TASK STATEMENT: Everything below from the line with "Rectangular pet bed" through the line with "比赛过程中,工业工程系各班团" must be retyped exactly, except the pictures.
*** DATA SUPPLIED
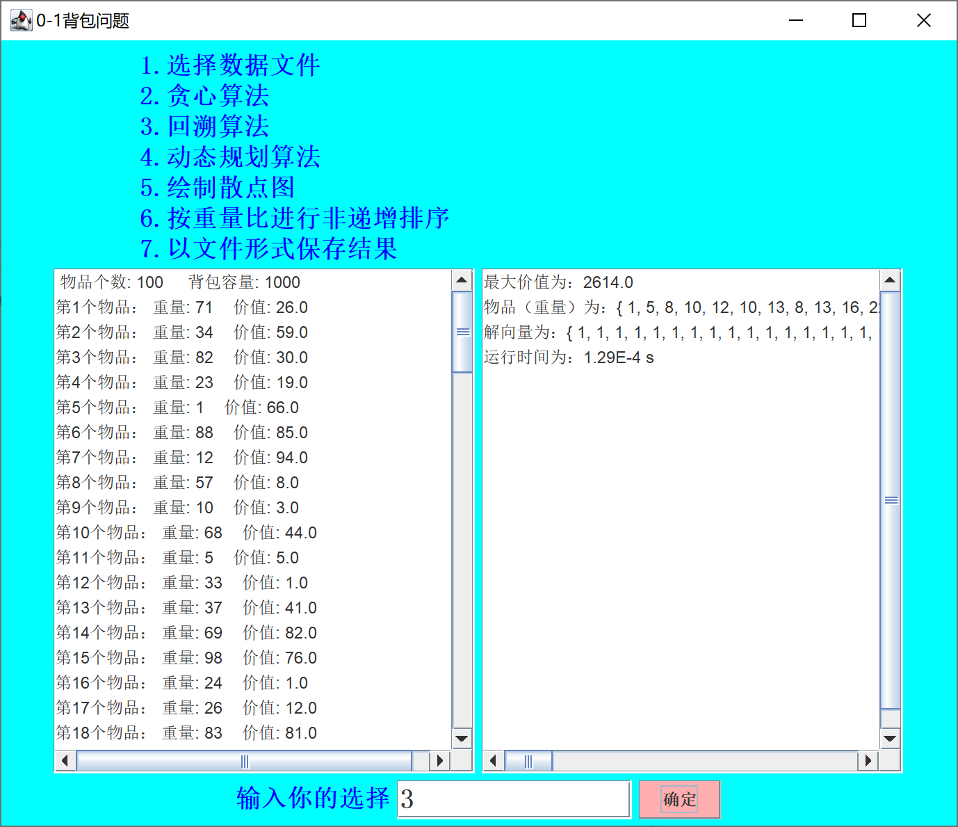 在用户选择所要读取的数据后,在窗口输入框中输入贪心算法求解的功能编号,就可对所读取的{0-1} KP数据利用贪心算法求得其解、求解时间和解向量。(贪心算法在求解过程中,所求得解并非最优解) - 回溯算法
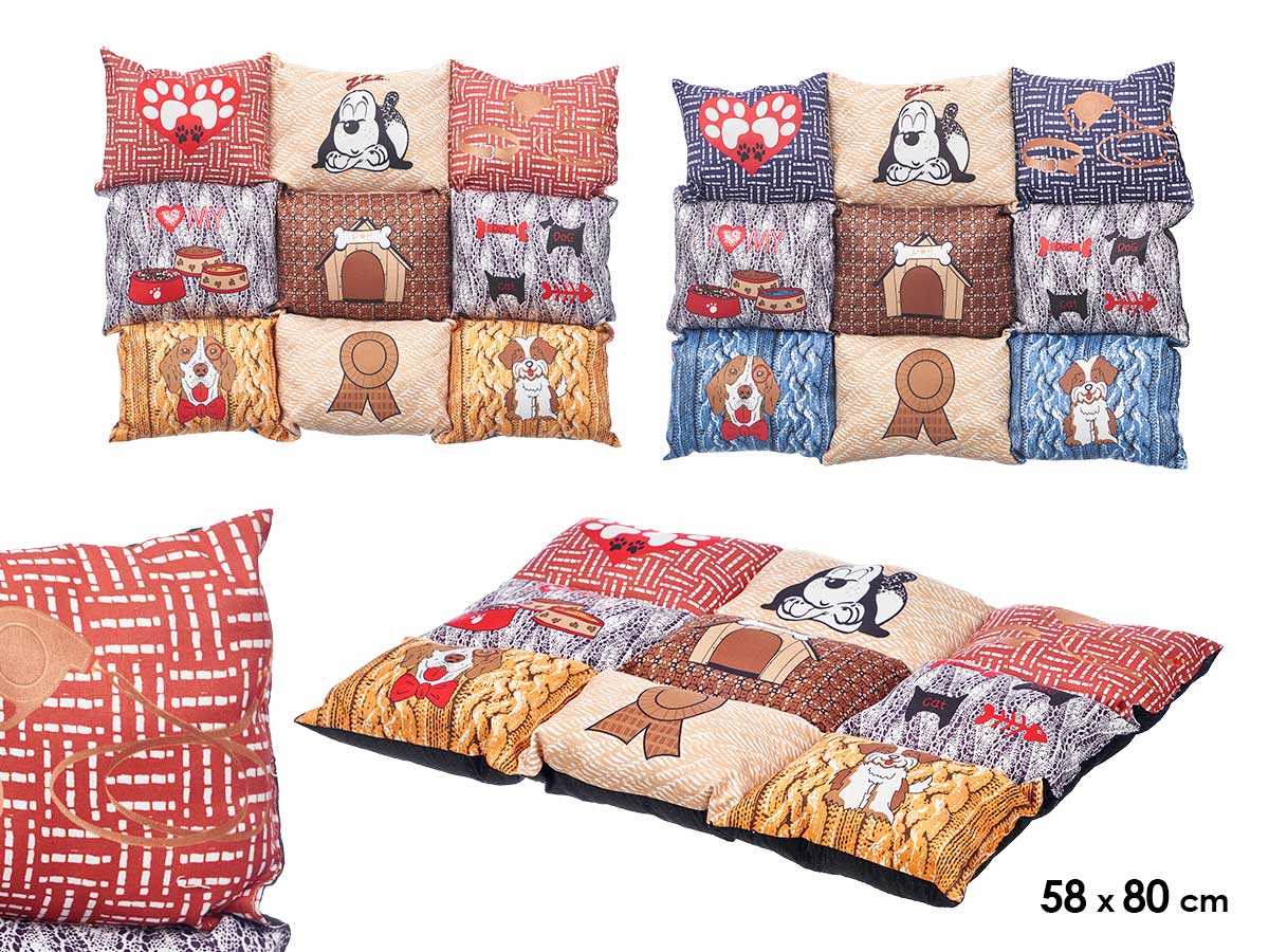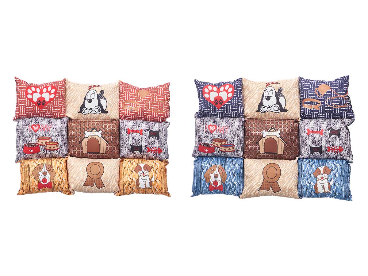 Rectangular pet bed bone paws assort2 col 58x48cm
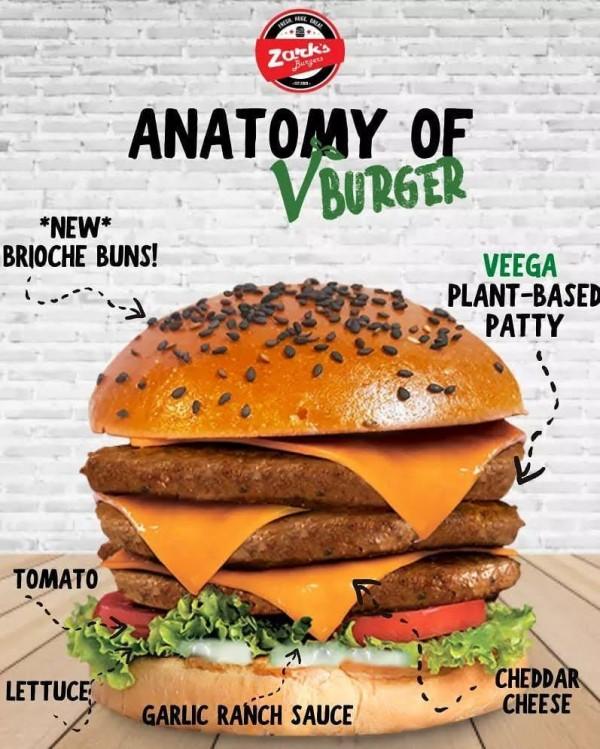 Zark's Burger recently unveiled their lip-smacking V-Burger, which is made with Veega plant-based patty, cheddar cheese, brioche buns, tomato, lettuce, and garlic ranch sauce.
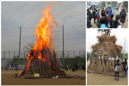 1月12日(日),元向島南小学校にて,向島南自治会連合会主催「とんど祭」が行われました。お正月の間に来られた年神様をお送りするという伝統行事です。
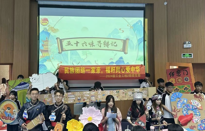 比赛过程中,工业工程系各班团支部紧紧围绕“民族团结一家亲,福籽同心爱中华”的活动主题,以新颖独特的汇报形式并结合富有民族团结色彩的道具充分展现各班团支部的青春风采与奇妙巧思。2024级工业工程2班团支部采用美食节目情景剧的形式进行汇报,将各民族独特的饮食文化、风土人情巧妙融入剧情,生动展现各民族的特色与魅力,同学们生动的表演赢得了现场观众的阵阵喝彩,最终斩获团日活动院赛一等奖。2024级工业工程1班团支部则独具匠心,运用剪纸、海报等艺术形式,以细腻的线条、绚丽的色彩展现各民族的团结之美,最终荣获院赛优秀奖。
******
*** DATA SUPPLIED
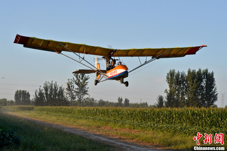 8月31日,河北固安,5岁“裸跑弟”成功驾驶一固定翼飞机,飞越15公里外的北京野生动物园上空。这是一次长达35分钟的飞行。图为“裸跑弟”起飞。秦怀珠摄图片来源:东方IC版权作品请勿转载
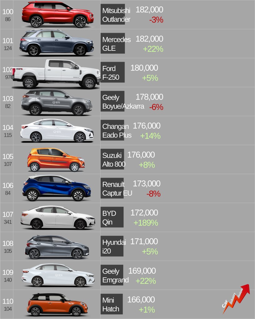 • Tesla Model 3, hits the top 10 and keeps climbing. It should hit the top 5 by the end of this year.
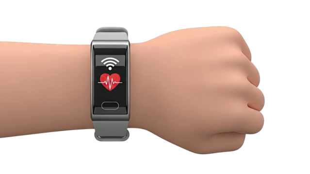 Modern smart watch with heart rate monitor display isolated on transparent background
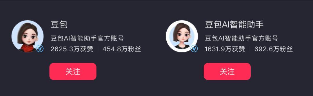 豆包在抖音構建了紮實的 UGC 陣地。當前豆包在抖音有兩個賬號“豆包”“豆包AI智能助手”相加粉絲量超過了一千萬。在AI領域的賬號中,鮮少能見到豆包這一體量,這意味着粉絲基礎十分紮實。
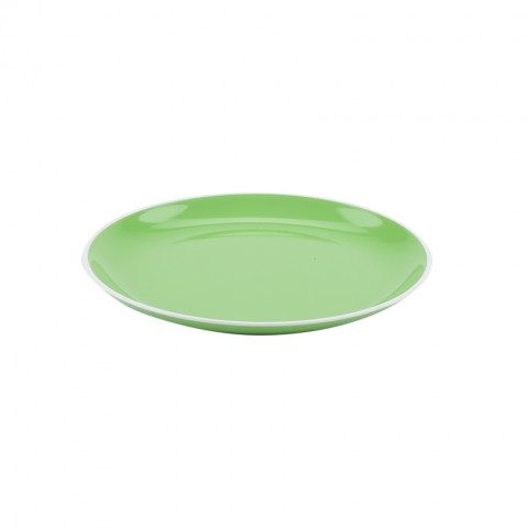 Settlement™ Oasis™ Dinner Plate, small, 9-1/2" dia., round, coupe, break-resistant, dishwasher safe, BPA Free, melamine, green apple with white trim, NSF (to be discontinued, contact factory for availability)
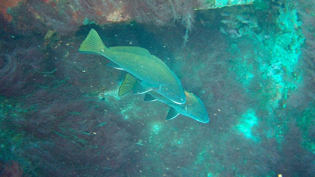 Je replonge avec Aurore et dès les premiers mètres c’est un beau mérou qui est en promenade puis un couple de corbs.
******
*** DATA SUPPLIED
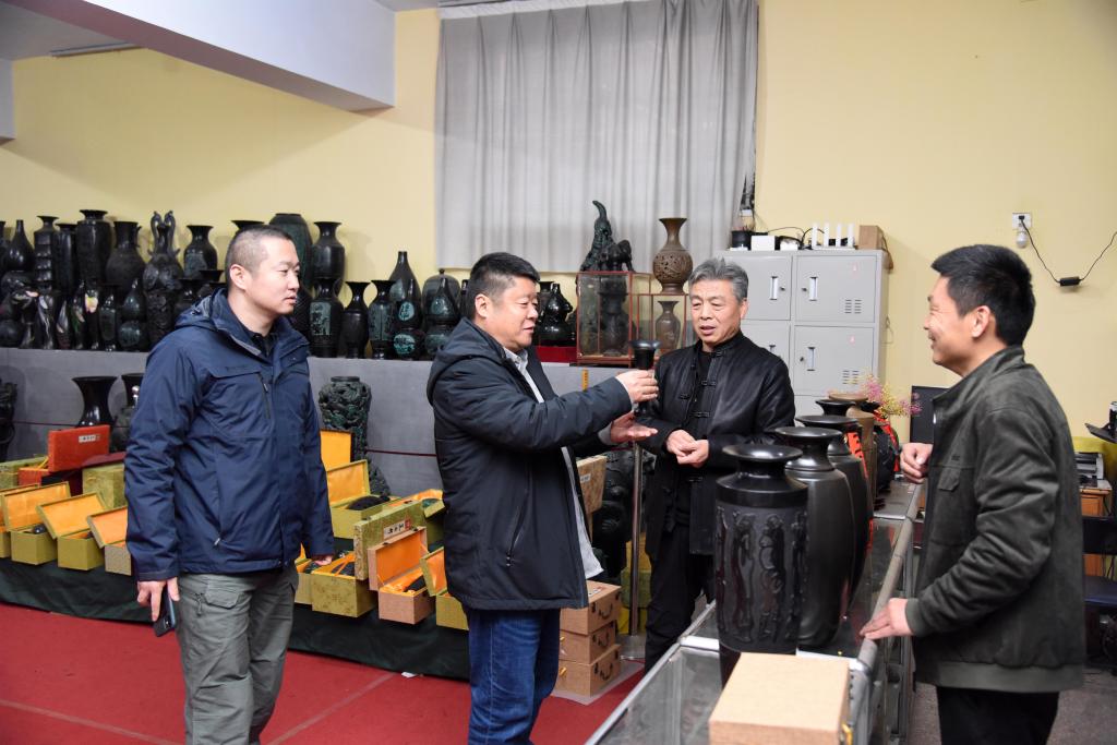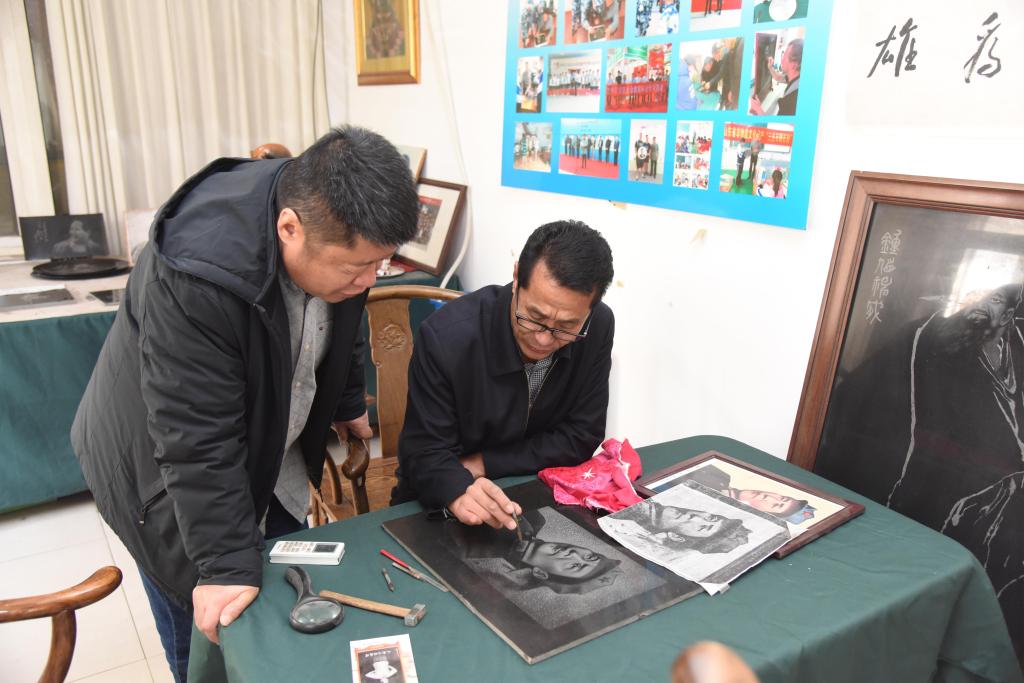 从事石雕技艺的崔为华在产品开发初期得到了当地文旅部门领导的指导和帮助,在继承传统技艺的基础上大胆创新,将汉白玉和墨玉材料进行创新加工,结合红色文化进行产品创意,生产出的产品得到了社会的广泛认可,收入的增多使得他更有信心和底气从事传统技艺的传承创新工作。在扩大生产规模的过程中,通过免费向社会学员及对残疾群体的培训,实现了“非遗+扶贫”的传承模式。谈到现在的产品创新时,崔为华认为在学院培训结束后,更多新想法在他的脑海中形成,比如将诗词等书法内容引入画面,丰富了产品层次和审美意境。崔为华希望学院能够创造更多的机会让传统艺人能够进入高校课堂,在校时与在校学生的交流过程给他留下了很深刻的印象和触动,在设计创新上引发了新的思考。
******
FINISHED TASK:
 Rectangular pet bed bone paws assort2 col 58x48cm
 Zark's Burger recently unveiled their lip-smacking V-Burger, which is made with Veega plant-based patty, cheddar cheese, brioche buns, tomato, lettuce, and garlic ranch sauce.
 1月12日(日),元向島南小学校にて,向島南自治会連合会主催「とんど祭」が行われました。お正月の間に来られた年神様をお送りするという伝統行事です。
 比赛过程中,工业工程系各班团支部紧紧围绕“民族团结一家亲,福籽同心爱中华”的活动主题,以新颖独特的汇报形式并结合富有民族团结色彩的道具充分展现各班团支部的青春风采与奇妙巧思。2024级工业工程2班团支部采用美食节目情景剧的形式进行汇报,将各民族独特的饮食文化、风土人情巧妙融入剧情,生动展现各民族的特色与魅力,同学们生动的表演赢得了现场观众的阵阵喝彩,最终斩获团日活动院赛一等奖。2024级工业工程1班团支部则独具匠心,运用剪纸、海报等艺术形式,以细腻的线条、绚丽的色彩展现各民族的团结之美,最终荣获院赛优秀奖。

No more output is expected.